Space Party Food Ideas
Savoury food
- Astronaut sandwiches — cut into star or rocket shapes with cookie cutters
- Planet dip platter — round foods arranged as planets: cherry tomatoes, blueberries, orange segments, cucumber rounds, each labelled with a planet name
- Moon rock popcorn — popcorn in silver foil bowls
- Meteor meatballs — served in a black bowl
- Galaxy breadsticks — plain breadsticks with black sesame seeds
Sweet table
- Galaxy cake — dark chocolate sponge with navy/purple/pink ombre frosting, edible silver stars and a fondant rocket
- Planet cupcakes — frosted in different colours, each labelled with a planet name
- Star biscuits — shortbread cut with star cutters, decorated with silver edible glitter
- Galaxy bark — dark chocolate base with swirls of blue and purple, edible glitter and gold star sprinkles
- Alien smoothies — green smoothies (spinach, banana, apple) in clear cups with a googly eye stuck on
Drinks
"Rocket fuel" — blue raspberry lemonade or any blue/purple drink. Glow-in-the-dark cups (available from party shops) work brilliantly for this theme.
Space Party Games and Activities
Astronaut training
Set up an "astronaut training circuit" with 4–5 stations: balance beam (walk a taped line with "zero gravity"), shuttle jump (jumping in a sack or jumping over hurdles), asteroid dodge (dodge thrown soft balls), moon landing (land softly from a jump), mission debrief (answer a space question). Award each child an "Astronaut Certification" at the end.
Build a rocket
Provide cardboard tubes, card, tape and pens. Challenge children to build and decorate a rocket in 15 minutes. Award prizes for "most likely to reach Mars," "most aerodynamic," "best decorated." Clockwork Soldier and similar brands have model rocket kits that work brilliantly as a structured version.
Galaxy slime making
Make simple PVA glue slime with black, blue and purple food colouring and silver glitter. Children take their slime home in a small pot. Messy but very popular.
Planet hunt
Hide small coloured balls or ball pit balls around the space labelled as planets. Children collect all eight (or nine, depending on your position on Pluto) and arrange them in order from the sun. Educational and competitive.
Space quiz
For 7+ year olds, a space facts quiz is surprisingly popular. Prizes for the astronaut who knows the most. Questions: "How many planets in our solar system?", "Which planet is smallest?", "What is the name of our galaxy?", "What is the nearest star to Earth?"
Space Party Bag Ideas
Browse the full space party collection for tableware, decorations and party bag ideas. Space party bags should feel like a mission kit — functional, purposeful and cool. Avoid generic space-themed plastic toys in favour of items that have lasting value.
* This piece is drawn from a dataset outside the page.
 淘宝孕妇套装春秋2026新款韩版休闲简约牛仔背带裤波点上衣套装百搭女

What to put in space party bags
- Space/science discovery kit — the Moulin Roty Space Discovery Box is a beautiful, genuinely educational item that works perfectly as a standalone party bag gift
- Space notebook — for recording space observations, drawing planets, writing mission logs
- Glow-in-the-dark stars — to stick on their bedroom ceiling. Every child's dream.
- Star projector keyring — small light-up items that project a star pattern
- Astronaut pen — a metallic silver pen for their space notebook
- Alien putty — glow-in-the-dark or galaxy-coloured fidget putty
Space Party Costumes
- Astronaut — white or silver clothing, painted cardboard box helmet (make one as a party activity). NASA-style badge on the chest.
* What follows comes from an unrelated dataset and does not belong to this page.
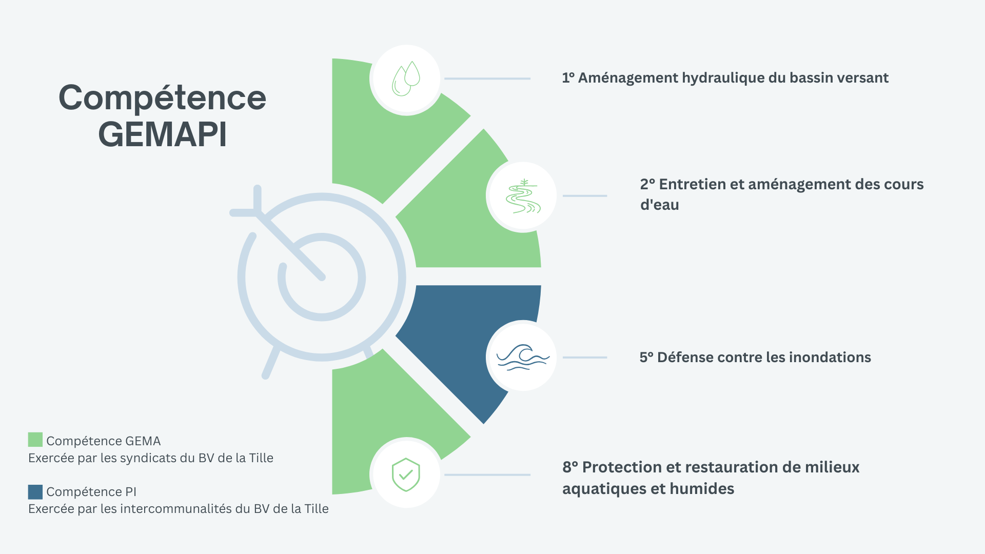 La compétence GEMAPI (Gestion des Milieux Aquatiques et Prévention des Inondations) regroupe les missions 1°, 2°, 5° et 8° prévues à l’Article L211-7 du Code de l’Environnement.

- Alien — green or silver clothing, antennae headband, face paint
- Planet — round blue/green clothing with continent shapes, or coloured to represent a specific planet
- Star — yellow or gold outfit with a star wand
- Mission commander — navy clothing with badges and a clipboard. Great for children who refuse costume parties.
Space Party Planning: Age Guide
- 3–5 years: Rockets, stars, aliens and the dark atmosphere. Simple games. Focus on the visual excitement.
- 6–9 years: Full theme engagement — astronaut training, planet quizzes, build-a-rocket. This age group often has strong existing space knowledge.
- 10+ years: Lean into real science. A more sophisticated quiz, a model rocket kit activity, discussion of actual space missions. This age appreciates accuracy.